April 23 was any other day for Natalie Sciotti.
She was heading home from her administrative role in the Cumberland Valley School District, preparing to pick her 13-year-old daughter up for softball, then come home and make dinner for them and her 16-year-old son.
But fate had other plans for 38-year-old Sciotti.
She was approximately 300 yards from home on Boiling Springs Road, across from the Allenberry Playhouse, when a deer jumped from an embankment onto her vehicle, landing where the windshield meets the roof, according to her brother, Nick Sciotti.
Sciotti’s car, a 2022 Nissan Altima that she’d purchased just three weeks prior, drifted into the lane of oncoming traffic and came to rest against a utility pole approximately 25 yards away, her brother said.
“The deer essentially landed on her head,” Nick Sciotti said. “The impact was so violent that it bent the frame of the car, the doors were not aligned.”
And not a single bone in Natalie’s face was left in tact, doctors told her family.
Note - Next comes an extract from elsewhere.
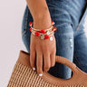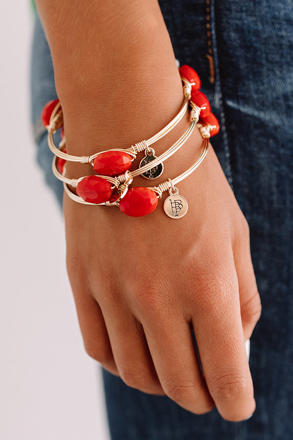 The "Rayna" bracelet features a gold plated copper wire-wrapped bangle adorned with three scarlet acrylic pieces!

Natalie — who is also the head coach of the TNT Girls 14U softball team — was airlifted to Penn State Health Holy Spirit Medical Center, where doctors determined she had suffered a significant brain bleed. She was then flown again to Penn State Hershey Medical Center, where she remains as of press time.
The day of the crash marked exactly three years since the death of Natalie’s ex-husband, the father of her two children.
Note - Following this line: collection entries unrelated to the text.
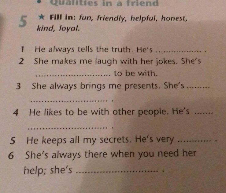 1. honest 2.fun 3.kind 4.friendly 5.loyal 6.helpful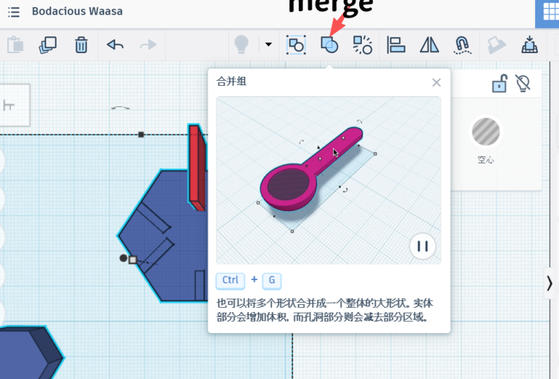 Select the cube, set its width to 2 cm, then merge the hexagon and the square.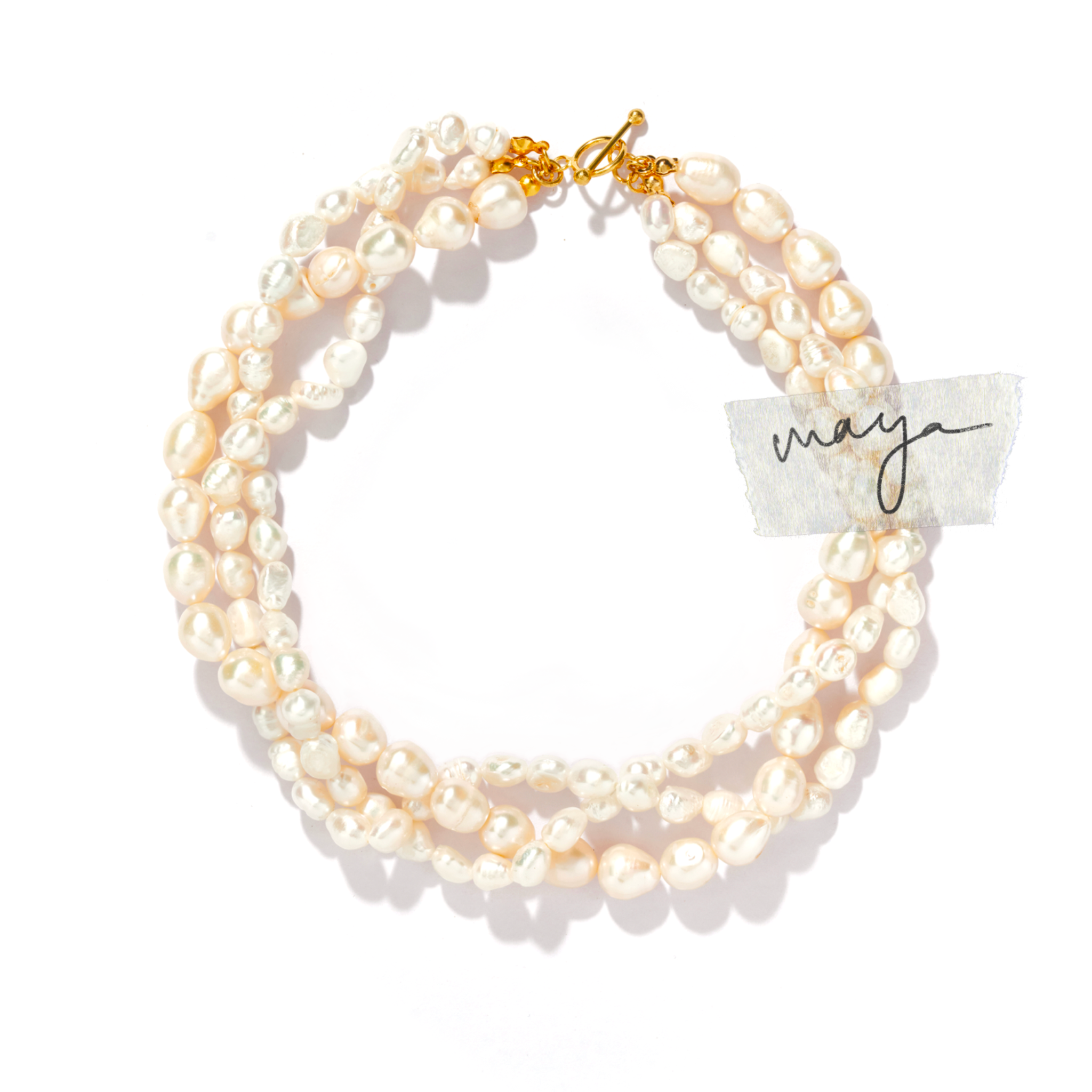 The Maya Necklace is our ode to pearls, organic forms shaped by nature’s forces, each one distinct and imperfectly beautiful. Three strands of bold, baroque freshwater pearls, in all shapes and sizes, are braided to make this lush, handcrafted choker. Your passport to a coastal state of mind, whether paired with sundrenched linens or evening silks, Maya always makes a statement.

Natalie’s brother described her recovery as “a lot of two steps forward, one step back.”
“The nature of this type of injury goes back and forth constantly,” he said. “Different issues pop up.”
A GoFundMe for the Sciotti family had raised more than $47,000 as of Sunday, June 2.
Up until just under two weeks ago, Natalie was conscious. That’s no longer the case, however, her family remains optimistic.
“Anyone who knows Natalie nows she doesn’t take well to people feeling bad or sympathetic to her,” Nick said. “You make her fight for her kids and she quite literally will fight to the death.”